The answer is to be the lines of the material from its start through the line containing "Satin silk pink", each copied exactly; no pictures.

Study material below:

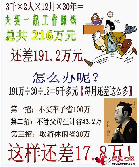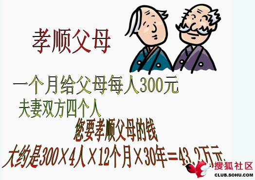 父母:43.2万。按30年每月分别给双方父母300元,一生孝顺父母费用。
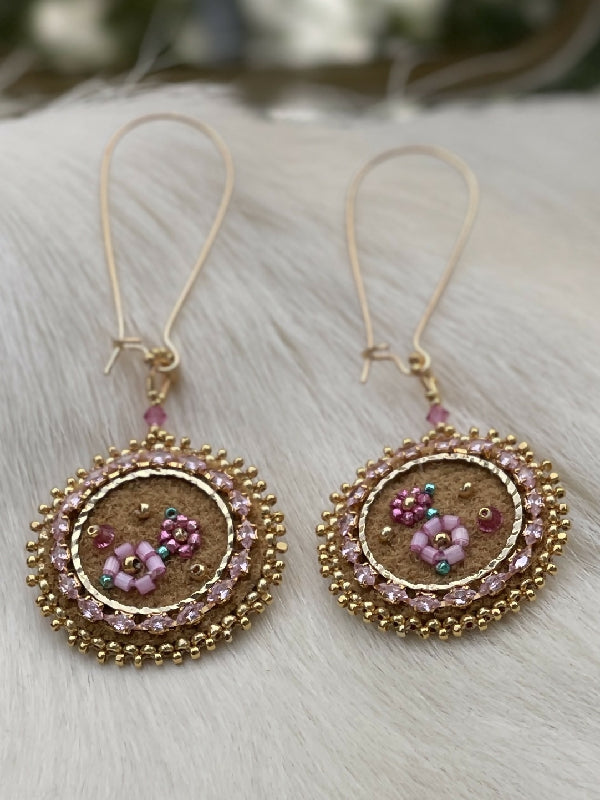 Satin silk pink and Charlotte cut fuchsia flowers w/ rose Swarovski crystals and light rose marquise chain, size 13 charlotte cut 24k gold beads and size 11 24k seed beads. On moose skin, backed with moose skin. Free delivery in Fairbanks.
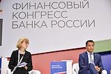Финансовый конгресс Банка России на площадке Новой сцены Александринского театра. День третий. Первый вице-президент АО "Газпромбанк" Екатерина Салугина-Сороковая (справа) и главный советник Генерального директора Российского энергетического агентства (РЭА) Министерства энергетики России Владимир Дребенцов (слева) во время конгресса.
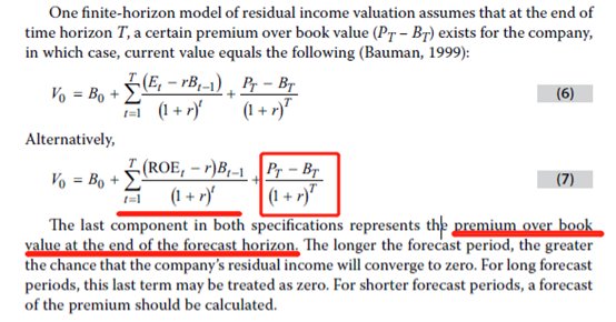 多阶段的residual income model可以表述成如下形式:
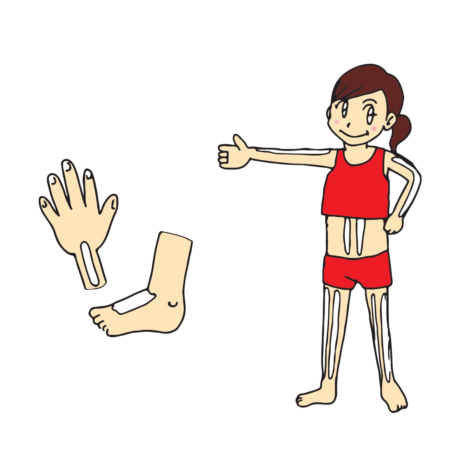 ① SAFE SEAを手の平にとってから体に塗るとムラになりやすいので、ボトル(またはチューブ)を絞りながら体にそって白い線を作ります。
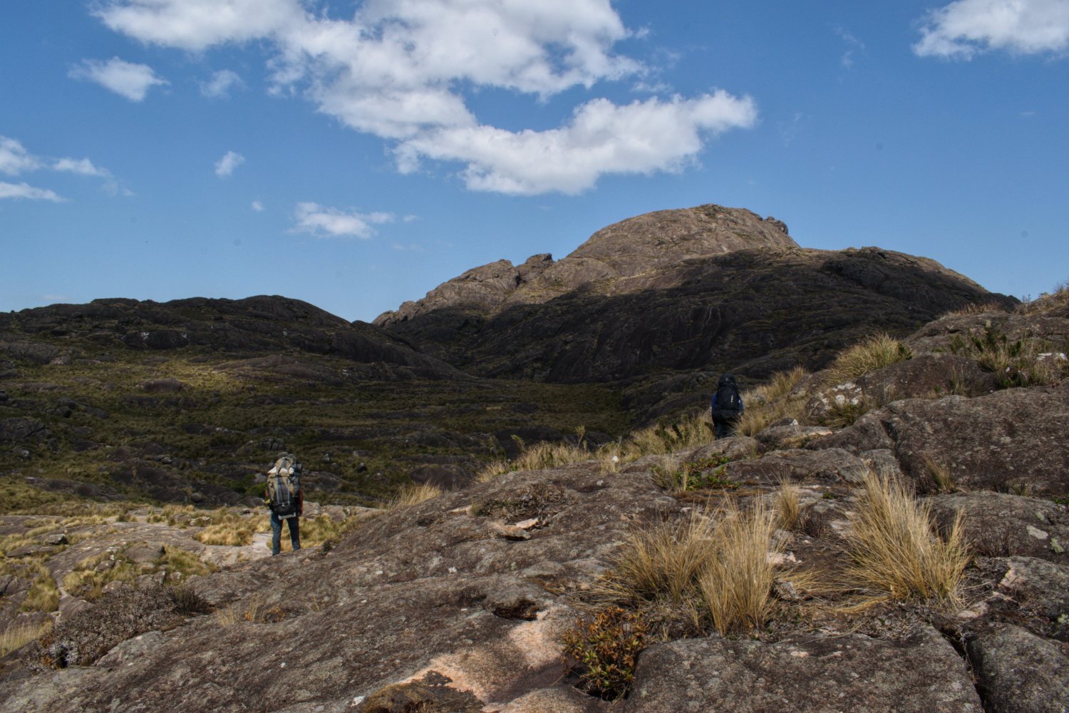 Teoricamente esse segundo dia é o mais pesado, principalmente em perdas e ganhos de elevação. Por isso não enrolamos muito para começar a caminhada. Logo de início subimos rumo ao cume do Marinzinho (2.393 m). A inclinação não era tão forte, subíamos de forma mais gradual que comparado ao primeiro dia. Em certo ponto nos perdemos do caminho que estava marcado no tracklog e estávamos contornando o Marinzinho ao invés de subir de forma mais direcionada. Conseguimos identificar o erro e resolver de forma rápida e com um pouco de esforço para subir uma parte mais inclinada.

End of Study material.

### Result for this exercise
 父母:43.2万。按30年每月分别给双方父母300元,一生孝顺父母费用。
 Satin silk pink and Charlotte cut fuchsia flowers w/ rose Swarovski crystals and light rose marquise chain, size 13 charlotte cut 24k gold beads and size 11 24k seed beads. On moose skin, backed with moose skin. Free delivery in Fairbanks.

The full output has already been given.